_DATA UNDER STUDY_
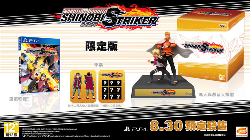 Bandai Namco宣布PS4《火影忍者博人传:新忍出击》繁体中文版将于2018年8月30日同步发售,豪华版将包含游戏本体、季票(内含妙木山两大仙人蛤蟆饰品与9个DLC组合包,DLC内容将于未来陆续公开)以及鸣人&博人的手办模型。
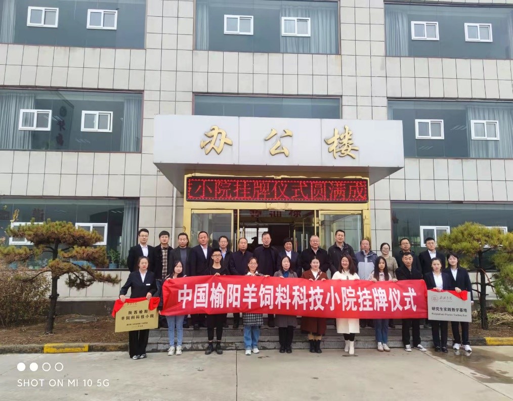 10月29日,bat365与华西牧业合建的“陕西榆阳羊饲料科技小院”授牌仪式在华西牧业有限责任公司举行。bat365副校长张晓和榆阳区畜牧兽医局副局长李锦旗为“研究生实践教学基地”揭牌;陕西省绒山羊工程技术研究中心主任屈雷和华西牧业董事长杨海珍为“陕西榆阳羊饲料科技小院”揭牌。生命科学学院、研究生院负责人,部分青年博士、研究生参加当天的仪式。
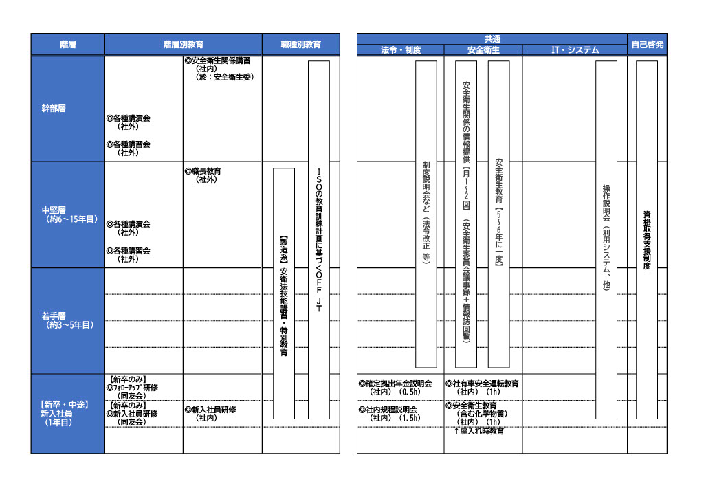 | 教育・人材育成制度 | 新入社員研修(社内・社外)、各種専門教育(外部講習)、資格取得教育(外部講習・試験等業務で必要な資格は、会社負担で取得が可能です。)
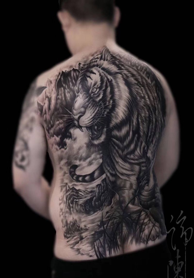 老虎纹身图片_背部欧美写实满背老虎老虎写实老虎纹身图案
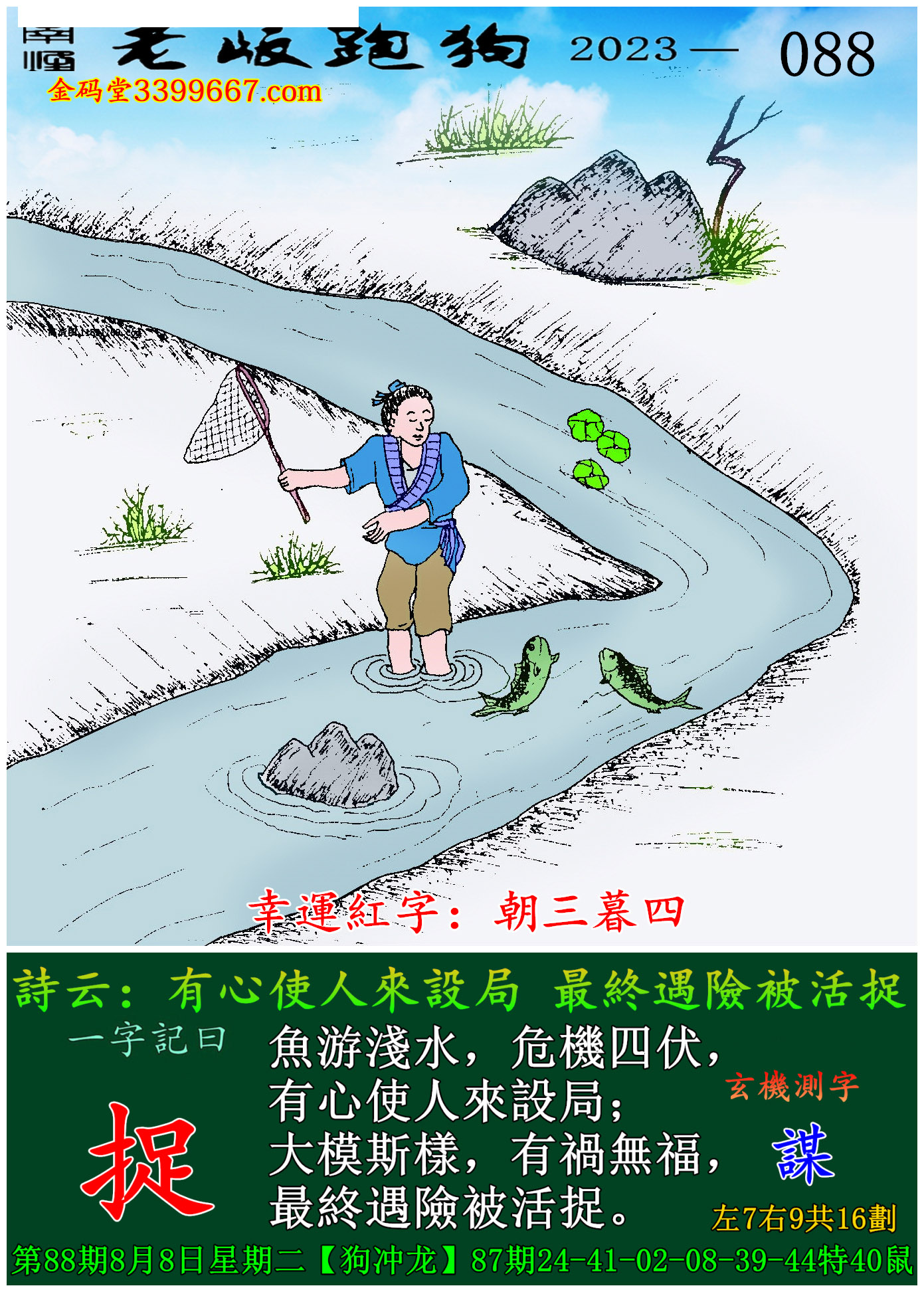 088期老版跑狗一字記之曰:【捉】玄機測字:《謀》
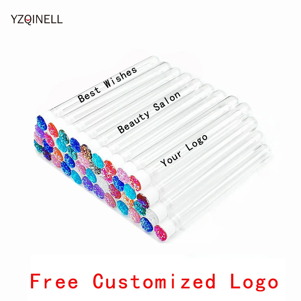 Customized Logo 20/50/100pcs Eyebrow Brush Tube Reusable Eyelash Brush Tubes Dust-Proof Mascara Sticks Applicators Makeup Brush
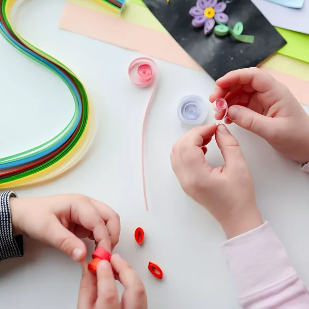 Nepoatei mele îi place să facă flori și inimioare cu aceste benzi viu colorate. E mai concentrată când le rulează și le așază, iar rezultatele sunt mereu atât de frumoase.

_ASSIGNED TASK_
Set down the data exactly as it appears, without any images.

_ANSWER TO THE PROBLEM_
 Bandai Namco宣布PS4《火影忍者博人传:新忍出击》繁体中文版将于2018年8月30日同步发售,豪华版将包含游戏本体、季票(内含妙木山两大仙人蛤蟆饰品与9个DLC组合包,DLC内容将于未来陆续公开)以及鸣人&博人的手办模型。
 10月29日,bat365与华西牧业合建的“陕西榆阳羊饲料科技小院”授牌仪式在华西牧业有限责任公司举行。bat365副校长张晓和榆阳区畜牧兽医局副局长李锦旗为“研究生实践教学基地”揭牌;陕西省绒山羊工程技术研究中心主任屈雷和华西牧业董事长杨海珍为“陕西榆阳羊饲料科技小院”揭牌。生命科学学院、研究生院负责人,部分青年博士、研究生参加当天的仪式。
 | 教育・人材育成制度 | 新入社員研修(社内・社外)、各種専門教育(外部講習)、資格取得教育(外部講習・試験等業務で必要な資格は、会社負担で取得が可能です。)
 老虎纹身图片_背部欧美写实满背老虎老虎写实老虎纹身图案
 088期老版跑狗一字記之曰:【捉】玄機測字:《謀》
 Customized Logo 20/50/100pcs Eyebrow Brush Tube Reusable Eyelash Brush Tubes Dust-Proof Mascara Sticks Applicators Makeup Brush
 Nepoatei mele îi place să facă flori și inimioare cu aceste benzi viu colorate. E mai concentrată când le rulează și le așază, iar rezultatele sunt mereu atât de frumoase.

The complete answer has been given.